La suppression du droit de préemption des Safer n'est pas d'actualité, mais un rapport rendu public en mars 2017 (voir encadré) a remis le sujet sur le devant de la scène. « Nous sommes extrêmement satisfaits de ce rapport, commente Philippe Brayer, le nouveau président de la Fédération nationale de la propriété rurale privée (FNPPR). Le droit de préemption ne concerne que 0,6 % des ventes, mais c'est l'arme des Safer. Une arme redoutable. Quand un propriétaire veut vendre, il regarde le prix Safer et sait qu'il ne pourra pas vendre plus cher, même si un acquéreur lui fait une meilleure offre. »
Ce dispositif empêche des investisseurs extérieurs d'arriver sur le marché foncier au détriment des exploitants, estime Philippe Brayer. « En Allemagne, les terres sont plus chères qu'en France, et l'agriculture se porte bien. Des investisseurs mettent les terres en fermage. Les exploitants ne sont pas obligés d'investir dans le foncier. Un jeune qui s'installe peut ainsi garder son argent pour financer son exploitation », argumente-t-il.
La tonalité est évidemment différente du côté des Safer. Pour Dominique Granier, viticulteur dans le Gard et président de la Safer Languedoc-Roussillon, « la Safer est le gendarme du foncier. Elle ne pourrait pas fonctionner sans le droit de préemption. Si le marché était libre, ce sont les plus riches qui achèteraient. Les Safer et le monde politique ont dit non à cette loi du plus fort ».
Rémi Dumas, viticulteur et président des Jeunes Agriculteurs de l'Hérault, est également favorable au maintien du droit de préemption. « Ce droit permet aux jeunes de s'installer hors cadre familial ou à des exploitations de s'agrandir, estime-t-il. Il permet aussi d'éviter à l'agriculture de perdre trop de surfaces, notamment dans l'Hérault où la pression foncière est importante. »
Le droit de préemption servirait les intérêts de quelques professionnels puissants et bien informés : c'est l'un des reproches formulés à l'encontre de ce droit. Rémi Dumas le réfute : « Le copinage ? On est assez nombreux à siéger aux comités de préemption et d'attribution pour éviter ce risque. Nous faisons en sorte d'être objectifs et justes. Mais nos décisions font toujours des mécontents. »

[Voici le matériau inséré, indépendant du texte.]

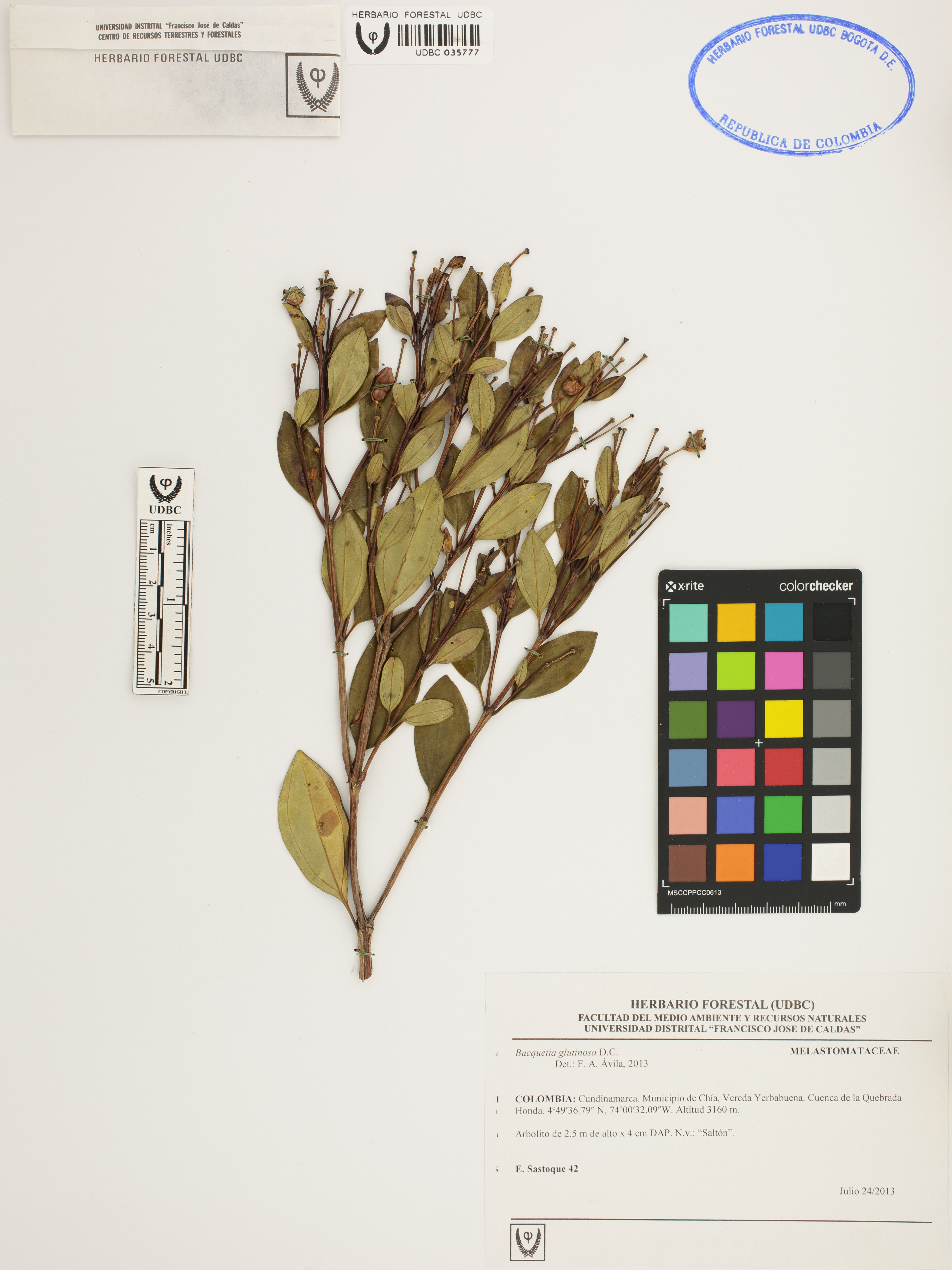 Fotografía del ejemplar Sastoque, E. 42, determinado como Bucquetia glutinosa en el año 2013

« On prend beaucoup plus de coups en tant que président de Safer que de chambre d'agriculture ou de MSA, complète Dominique Granier. C'est un poste qui nécessite des qualités humaines et de la droiture. Il faut savoir faire le ménage si on a des doutes sur les motivations de certains membres du comité de préemption. Les décisions sont contrôlées par l'État et désormais ce comité est ouvert aux chasseurs, écologistes, collectivités locales, etc. »
Plutôt que d'être affaibli, le droit de préemption des Safer a été renforcé en 2014. Depuis, cette date, les Safer peuvent préempter les parts de toute société agricole intégralement cédée.
Après l'affaire de la vente d'une ferme de 1 700 ha dans l'Indre à des Chinois, des responsables professionnels ont obtenu un nouveau renforcement du droit de préemption. En février 2017, le Parlement a voté une loi permettant aux Safer de préempter les parts d'une société faisant l'objet d'une cession partielle. Mais le Conseil constitutionnel a invalidé cette disposition. « C'est une victoire des propriétaires, se félicite Philippe Brayer. On aurait pu se retrouver, au sein d'une société foncière, avec une personne qui n'a rien à voir avec la famille ! Le fond du problème est surtout financier car un pan des ventes échappait aux Safer. C'est un manque à gagner pour elles. »
Dominique Granier, de son côté, était favorable à cette extension du droit de préemption pour éviter les cessions déguisées à des investisseurs. Il espère que ce dossier sera repris par les futurs parlementaires.
« Un manque de transparence »
Dans un rapport achevé en février 2013, mais publié le 6 mars dernier seulement, un inspecteur des Finances et deux inspecteurs de l'Agriculture préconisent la suppression du droit de préemption des Safer. Ils jugent que ce droit représente « une menace du fait d'un manque de transparence, à la fois dans la justification du droit et dans ses modalités de mise en oeuvre ». Ils ajoutent que les « interventions des Safer sont de plus en plus suspectées de conflits d'intérêt ». Ils préconisent que les décrets définissant les périmètres de préemption des Safer ne soient pas renouvelés au fur et à mesure qu'ils arrivent à échéance. Ces auteurs proposent aussi la suppression du barème administratif de fixation du prix du fermage au profit d'une libre fixation des prix. Pour eux, l'abolition du droit de préemption et du barème des fermages permettrait d'attirer des capitaux extérieurs au monde agricole vers le marché foncier.